STEP1 predictions based on MS1 course exams have weak correlation with STEP1 (Fig. 2 A-E and 3)—

Similar to MCAT/BCPM GPA, STEP1 predictions are generated at the end of each MS1 course. The predicted STEP1 scores are correlated with actual STEP1 scores for the class of 2021—

Elements of Medicine (EoM) course (Fig. 2A): the first course of the MD curriculum is primarily focused on the pedagogy of biochemistry, cell biology, and genetics (R² = 0.2457).
Structure and Function 1 (SF1) course (Fig. 2B): the second course of the MD curriculum is primarily focused on the pedagogy of the musculoskeletal system and is the first course of the curriculum with anatomy labs (R² = 0.1366). It is notable that this correlation is weaker than at the end of the first course of the MD curriculum.
Structure and Function 2 (SF2) course (Fig. 2C): the third course of the MD curriculum is primarily focused on the pedagogy of anatomy and physiology of the nervous system (R² = 0.2216).
Structure and Function 3 (SF3) course (Fig. 2D): the fourth course of the MD curriculum is primarily focused on the pedagogy of anatomy and physiology of cardiovascular, renal and respiratory systems (R² = 0.3755).
Structure and Function 4 (SF4) course (Fig. 2E): the fifth and final course of the MS1, MD curriculum is primarily focused on the pedagogy of anatomy and physiology of gastrointestinal, genitourinary and endocrine systems (R² = 0.4289).
Fig.3 shows predicted STEP1 score for all MS1 exams vs actual STEP1 scores for the Class of 2021. Combined mean-difference and correlation plot highlights that at the end of the MS1 curriculum STEP1 prediction models overpredict scores for most students scoring less than school average on STEP1 (220). MS1 exams combined underpredict scores for students performing better than the school average on USMLE STEP1.

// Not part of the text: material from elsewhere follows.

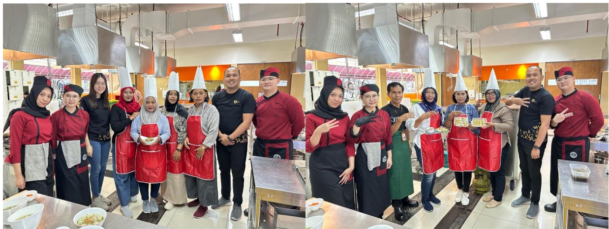
Gambar 5. Dokumentasi Kegiatan Bersama dengan Ibu-Ibu PKK

Kemudahan akses terhadap bahan baku menjadi penting karena berhubungan langsung dengan harga pokok produksi dari produk kedepannya. Semakin susah bahan baku untuk didapatkan, maka semakin tinggi biaya logistik yang dibutuhkan, dan berakibat pada kenaikan harga pokok produksi. Hal ini juga dijelaskan juga oleh Ulfa dkk (2022), dimana harga bahan baku memberikan efek signifikan terhadap harga pokok produksi. Salah satu tantangan pelatihan ini adalah kemampuan peserta dalam mengolah ikan bandeng supaya menghasilkan produk yang konsisten, inovatif, aman untuk dikonsumsi, dan memiliki nilai jual. Selama ini ikan bandeng hanya dikonsumsi sebagai lauk harian, tanpa diolah lebih lanjut. Sehingga pelatihan pembuatan produk siomay berbahan dasar ikan bandeng dinilai cukup efektif untuk membantu menjawab peluang yang ada di Kelurahan Keputih.

Regression and Means-Difference Plots of MS2 course STEP1 predictions with actual STEP1 scores (Fig. 4A-E and S1A-E)—

As before, STEP1 predictions are generated at the end of each MS2 course and correlated with actual STEP1 scores for the Class of 2021. Prediction modeling is based on course exam and STEP1 scores of the Class of 2020. Means-difference (Bland Altman) plots are constructed at each prediction point—

Principles of Disease (PoD) course (Fig. S1A, 4A): the first course of the MS2 MD curriculum is primarily focused on the pedagogy of microbiology, immunology, and general pathology (R² = 0.4386). Means-difference plot shows overpredictions for students scoring below the national mean on STEP1 (≈231).
Disease and Therapeutics 1 (DT1) course (Fig. S1B, 4B): the second course of the MS2 MD curriculum is primarily focused on the pedagogy of the diseases of the musculoskeletal and the hematopoietic systems (R² = 0.3820). As before, means-difference plot shows overpredictions for students scoring below the national mean on STEP1 (≈231).
Disease and Therapeutics 2 (DT2) course (Fig. S1C, 4C): the third course of the MS2 MD curriculum is primarily focused on the pedagogy of the diseases of the nervous system and behavioral health (R² = 0.3741). Means-difference plot shows mostly overpredicted scores for all range of STEP1 scores.
Disease and Therapeutics 3 (DT3) course (Fig. S1D, 4D): the penultimate course of the MS2 MD curriculum is primarily focused on the pedagogy of the diseases of the cardiovascular, renal and respiratory systems (R² = 0.6631). Means-difference plot is more evenly spread out with smaller ranges of under and overpredictions for all STEP1 scores.
Disease and Therapeutics 4 (DT4) course (Fig. S1E, 4E): the final course of the MS2 MD curriculum is primarily focused on the pedagogy of the diseases of the genitourinary, gastrointestinal and endocrine systems (R² = 0.5917). Means-difference plot for most students is more narrowly spread but shows overpredictions for students performing poorly on STEP1.

Correlation of customized NBMEs in MS2 courses with STEP1 scores (Fig. 5A-D)—

For the Class of 2021, customized NBMEs were introduced as course-end comprehensive assessments for all Disease and Therapeutics courses for the MS2 curriculum. Score performance on each of those exams is correlated against students’ score, as seen in Fig. 5 A-D. For the class of 2020, only DT3 course included customized NBME at the end of the course. DT3 customized NBME has the strongest linear relationship with students’ STEP1 score (R² = 0.6051).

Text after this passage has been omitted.